I guess the question then is what security controls are appropriate for this feature, which after all tells the postmaster what directories to read files from. It feels a little outside the scope of a regular user to even be aware of the file system undergirding the service. But perhaps there’s a non-superuser role for whom it is appropriate?

> Now, I think there are environments where people have used things like
> containers to try to lock down the superuser, and while I'm not sure
> that can ever be particularly water-tight, if it were the case that
> this patch would make it a whole lot easier for a superuser to bypass
> the kinds of controls that people are imposing today, that might be an
> argument against this patch. But ... off-hand, I'm not seeing such an
> exposure.

Yeah I’m not even sure I follow. Containers are immutable, other than mutable mounted volumes --- which is one use case this patch is attempting to enable.

> On the patch itself, I find the documentation for this to be fairly
> hard to understand. I think it could benefit from an example.
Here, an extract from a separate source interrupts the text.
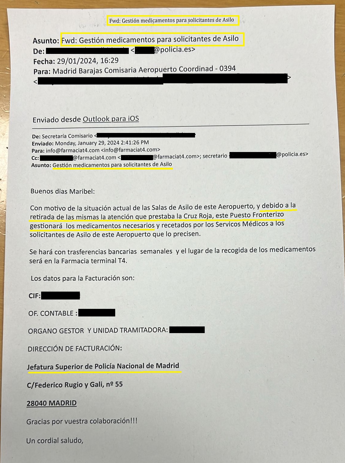 Así queda reflejado en un correo electrónico enviado esta misma semana por la Comisaría de la Policía Nacional en el aeropuerto de Barajas a la farmacia de la Terminal T4 del aeródromo madrileño: "(…) debido a la retirada de la atención que prestaba la Cruz Roja, este Puesto Fronterizo gestionará los medicamentos necesarios y recetados por los Servicios Médicos a los solicitantes de asilo".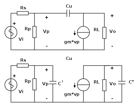 Ad esempio se prendi il circuito originale senza Cp, hai un solo condensatore (Cu) e quindi un solo polo. Se lo milleri usando guadagno -gm RL, trascurando cioe` l'effetto di carico di Z", nella funzione finale vengono due poli che mi sembrano troppi :)

I'm
> confused about whether this is intended to let me search for
> extensions in /my/temp/root/usr/lib/postgresql/... by setting
> extension_directory=/my/temp/dir, or whether it's intended me to
> search both /usr/lib/postgresql as I normally would and also
> /some/other/place.

I sketched them quickly, so agree they can be better. Reading the code, I now see that it appears to be the former case. I’d like to advocate for the latter.

> If the latter, I wonder why we don't handle shared
> libraries by setting dynamic_library_path and then just have an
> analogue of that for control files.

The challenge is that it applies not just to shared object libraries and control files, but also extension SQL files and any other SHAREDIR files an extension might include. But also, I think it should support all the pg_config installation targets that extensions might use, including:

BINDIR
DOCDIR
HTMLDIR
PKGINCLUDEDIR
LOCALEDIR
MANDIR

I can imagine an extension wanting or needing to use any and all of these.